Em uma sonolenta tarde de sábado, um homem vestindo um casaco escuro e comprido hesitou na frente de uma casa numa rua arborizada. Ele não tinha estacionado seu carro nem tinha ido de táxi. Nenhum vizinho o vira andando pela calçada. Ele simplesmente apareceu, como se tivesse dado um passo entre uma sombra e outra.
O homem andou até a porta e levantou o punho para bater.
Dentro da casa, Jude estava sentada no tapete da sala de estar comendo palitinhos de peixe empanado murchos por causa do micro-ondas e mergulhados em uma poça de ketchup. Sua irmã gêmea, Taryn, cochilava no sofá, encolhida sob um cobertor, o polegar enfiado na boca manchada de ponche de frutas. E do outro lado do sofá, a irmã mais velha delas, Vivienne, encarava a tela da televisão, o olhar esquisito de pupilas partidas grudado no desenho do rato que fugia do gato. Ela riu quando pareceu que o rato seria comido.
Vivi não era feito as outras irmãs mais velhas, mas como Jude e Taryn, de sete anos, eram idênticas — com os mesmos cabelos castanhos ondulados e rostos de queixo fino —, elas também se tornavam diferentes. Para Jude, os olhos de Vivi e as pontinhas levemente peludas de suas orelhas não eram muito mais estranhos do que ser a imagem espelhada de outra pessoa.
E se Jude reparava no modo como as crianças do bairro evitavam Vivi, ou em como os pais cochichavam de maneira preocupada a respeito da garota, ela não achava que fosse algo realmente importante. Adultos viviam preocupados, sempre sussurrando.
Taryn bocejou e se espreguiçou, apertando a bochecha no joelho de Vivi. O sol brilhava lá fora, queimando o asfalto da entrada das casas. Motores de cortadores de grama zumbiam, e crianças brincavam em piscinas de quintal. O pai das garotas estava no barracão do jardim, onde havia uma pequena oficina. A mãe estava na cozinha, fazendo hambúrguer. Tudo estava um tédio. Tudo estava bem.

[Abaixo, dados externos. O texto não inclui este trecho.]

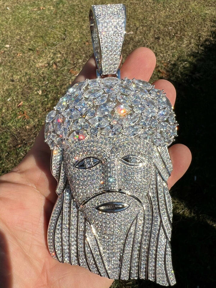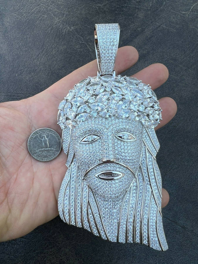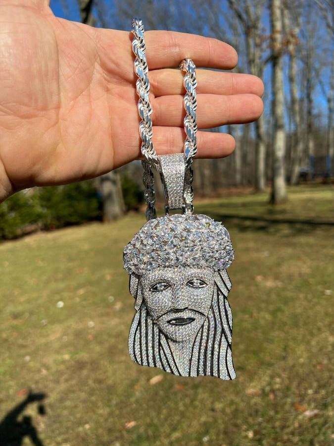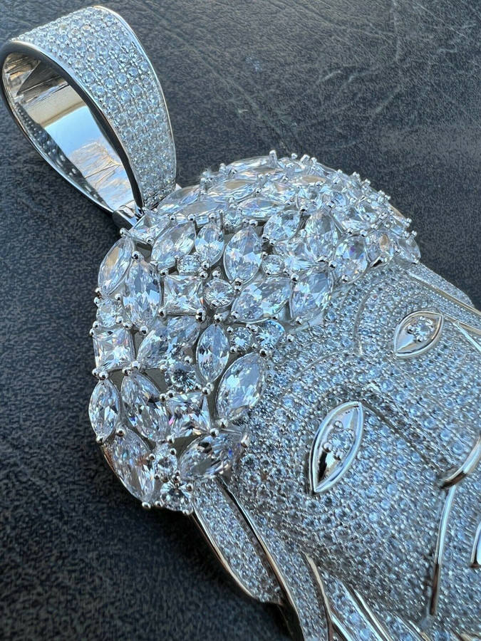 จี้หน้าฮิปฮอปแบบกำหนดเองสำหรับผู้ชาย จี้เพชรโมอิสซาไนต์ VVS ระยิบระยับ เครื่องประดับ 3 มิติ จี้เงินแท้ S925

Quando a batida soou, Jude pulou para atender. Esperava que fosse uma das garotas da casa da frente, querendo jogar videogame ou convidando-a para nadar depois do jantar.
O homem alto estava sobre o capacho, olhando para ela. Usava um casaco marrom de couro, apesar do calor. Os sapatos tinham solado de prata e fizeram um som seco quando ele pisou na entrada. Jude olhou para o rosto mal barbeado e tremeu.
Mãe — gritou. — Mããããããããe. Tem uma pessoa aqui.
A mãe veio da cozinha, secando as mãos na calça jeans. Quando viu o homem, ficou pálida.
— Vá para o seu quarto — ordenou a Jude com uma voz assustadora. — Agora!
— De quem essa menina é filha? — perguntou o homem, apontando para ela. A voz tinha um sotaque estranho. — Sua? Dele?
— De ninguém. — A mãe nem olhou na direção de Jude. — Ela não é filha de ninguém.
Isso não era verdade. Jude e Taryn eram idênticas ao pai. Todo mundo falava isso. Ela deu alguns passos na direção da escada, mas não queria ficar sozinha no quarto. Vivi, pensou Jude. Vivi vai saber quem é o homem alto. Vivi vai saber o que fazer.
Mas Jude não conseguiu se obrigar a dar mais um passo.
— Eu já vi muitas coisas impossíveis — disse o homem. — Já vi a bolota antes do carvalho. Já vi a fagulha antes da chama. Mas nunca vi uma mulher morta viver. Uma criança nascida do nada.
A mãe pareceu não ter palavras. Seu corpo estava vibrando de tensão. Jude queria segurar a mão dela e apertar, mas não ousava.
— Duvidei de Balekin quando ele me contou que eu encontraria você aqui — disse o homem, a voz mais suave agora. — Os ossos da mulher mundana e da criança natimorta nos restos queimados de minha propriedade foram convincentes. Tem ideia do que é voltar da batalha e encontrar sua esposa morta, seu único herdeiro com ela? Encontrar sua vida reduzida a cinzas?